"""
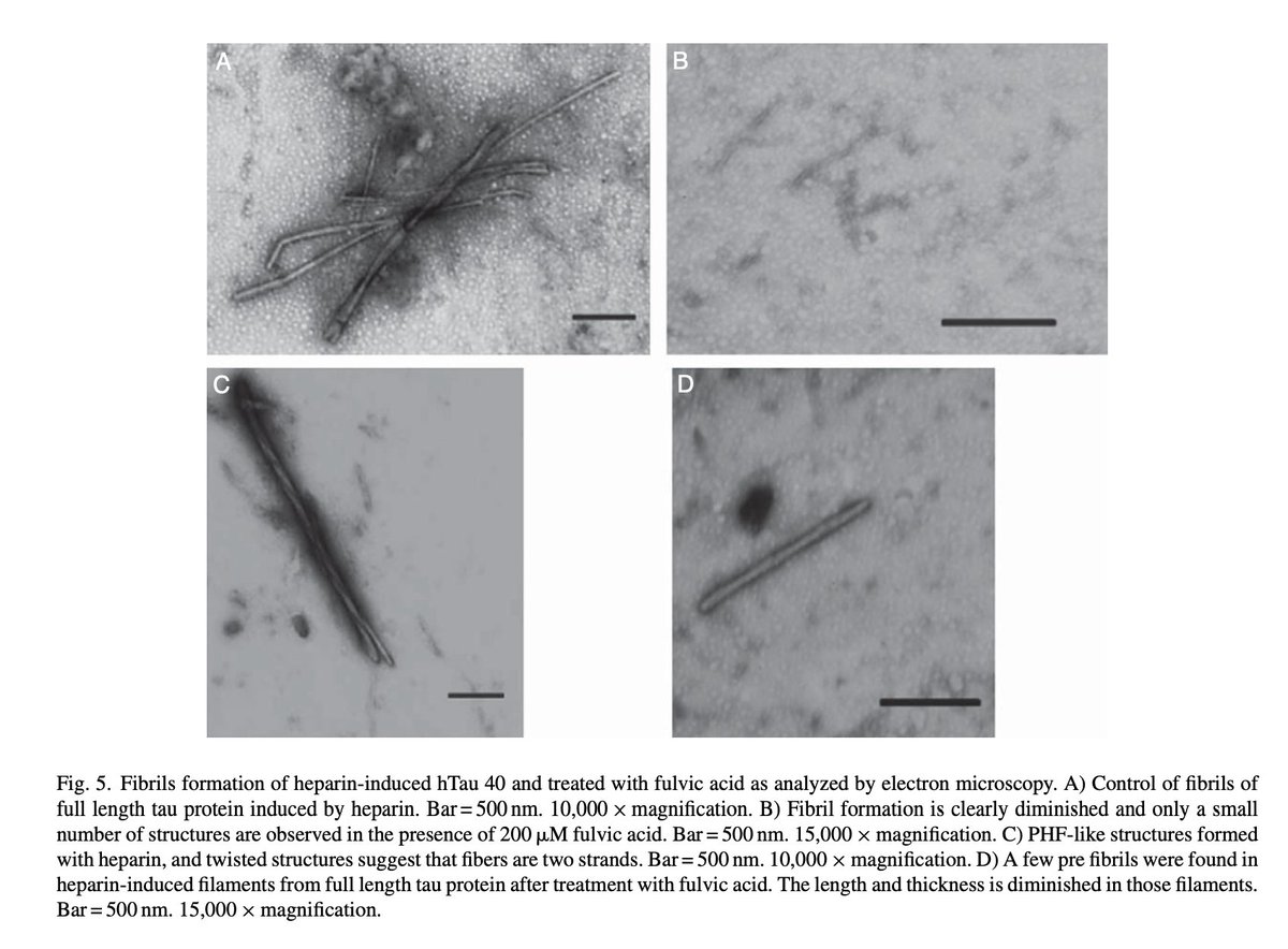 Plus intéressant encore, il a été démontré que l'acide fulvique inhibe l'agrégation et favorise le désassemblage des fibrilles de tau associées à la maladie d'Alzeimer.
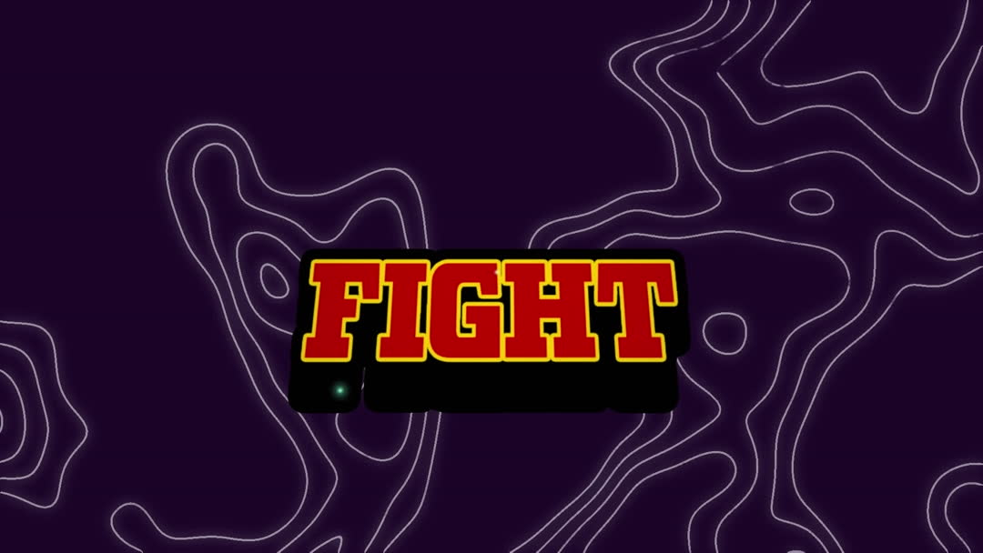 Animation features bold 'Fight' text moving over a purple background with abstract white lines, creating a modern and energetic look. Ideal for video game themes, promotional materials, graphic design projects, digital content for social media, and anything requiring dynamic typography and creative design.
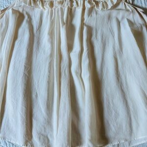 Elegant cream top with ruffle details. Sleeveless design. Yoke design. Flowy fit. Perfect for interviews or business casual attire.
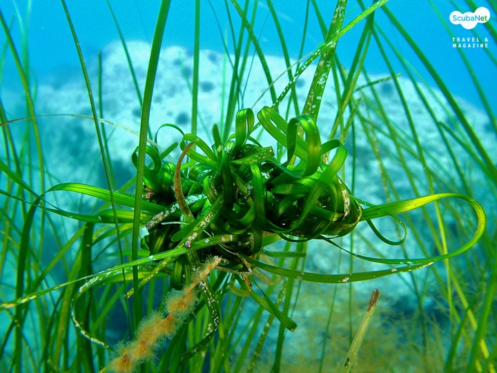 어느 가을 낙엽이 다 떨어지고 앙상한 가지만 남아 있는 나무 가지마냥 미역 줄기는 어느새 많이 녹아 없어졌다. 남은 것은 앙상한 나뭇가지처럼 손으로 건드리면 금방이라도 부러질 듯한 모양새로 나풀거리고 있었다. 간간히 지쳐가는 생명의 연장을 지루하게 이어 가듯 키 작은 모자반 역시 조금은 남아있었다. 바위 틈에 숨어서 얼핏 보면 겉모습은 무언지도 모를 만큼 잔뜩 위장한 체 스물, 스물 기어 가는 전복의 모습을 보면서 '나에게 들켜서일까?' 딱 붙어서 전혀 미동도 하지 않고 잠시 그 자리에 머물러 있다. 하얀 햇살이 물속으로 들어오면서 파란 물속에 진한 물감이라도 풀어 놓은 듯한 '잘피'의 순수한 녹색에 가만히 들여다본다. 그 곳을 터전으로 살아가는 많은 해양 생물들을 구경하면서 처음으로 잘피가 피운 '꽃'을 보고 신기해했다. 또 다른 잘피를 보니 누군가 인위적으로 리본처럼 얼기설기 엮은 모습이 있다. 누가 물속에서 이런 장난을 하였을까 생각하면서 혹시나 내가 모르는 무언가의 터전은 아닌가 또 다른 상상을 하게 된다.
"""
- To do -
The answer must repeat every line of the listing exactly and leave the pictures out.

- Completed task -
 Plus intéressant encore, il a été démontré que l'acide fulvique inhibe l'agrégation et favorise le désassemblage des fibrilles de tau associées à la maladie d'Alzeimer.
 Animation features bold 'Fight' text moving over a purple background with abstract white lines, creating a modern and energetic look. Ideal for video game themes, promotional materials, graphic design projects, digital content for social media, and anything requiring dynamic typography and creative design.
 Elegant cream top with ruffle details. Sleeveless design. Yoke design. Flowy fit. Perfect for interviews or business casual attire.
 어느 가을 낙엽이 다 떨어지고 앙상한 가지만 남아 있는 나무 가지마냥 미역 줄기는 어느새 많이 녹아 없어졌다. 남은 것은 앙상한 나뭇가지처럼 손으로 건드리면 금방이라도 부러질 듯한 모양새로 나풀거리고 있었다. 간간히 지쳐가는 생명의 연장을 지루하게 이어 가듯 키 작은 모자반 역시 조금은 남아있었다. 바위 틈에 숨어서 얼핏 보면 겉모습은 무언지도 모를 만큼 잔뜩 위장한 체 스물, 스물 기어 가는 전복의 모습을 보면서 '나에게 들켜서일까?' 딱 붙어서 전혀 미동도 하지 않고 잠시 그 자리에 머물러 있다. 하얀 햇살이 물속으로 들어오면서 파란 물속에 진한 물감이라도 풀어 놓은 듯한 '잘피'의 순수한 녹색에 가만히 들여다본다. 그 곳을 터전으로 살아가는 많은 해양 생물들을 구경하면서 처음으로 잘피가 피운 '꽃'을 보고 신기해했다. 또 다른 잘피를 보니 누군가 인위적으로 리본처럼 얼기설기 엮은 모습이 있다. 누가 물속에서 이런 장난을 하였을까 생각하면서 혹시나 내가 모르는 무언가의 터전은 아닌가 또 다른 상상을 하게 된다.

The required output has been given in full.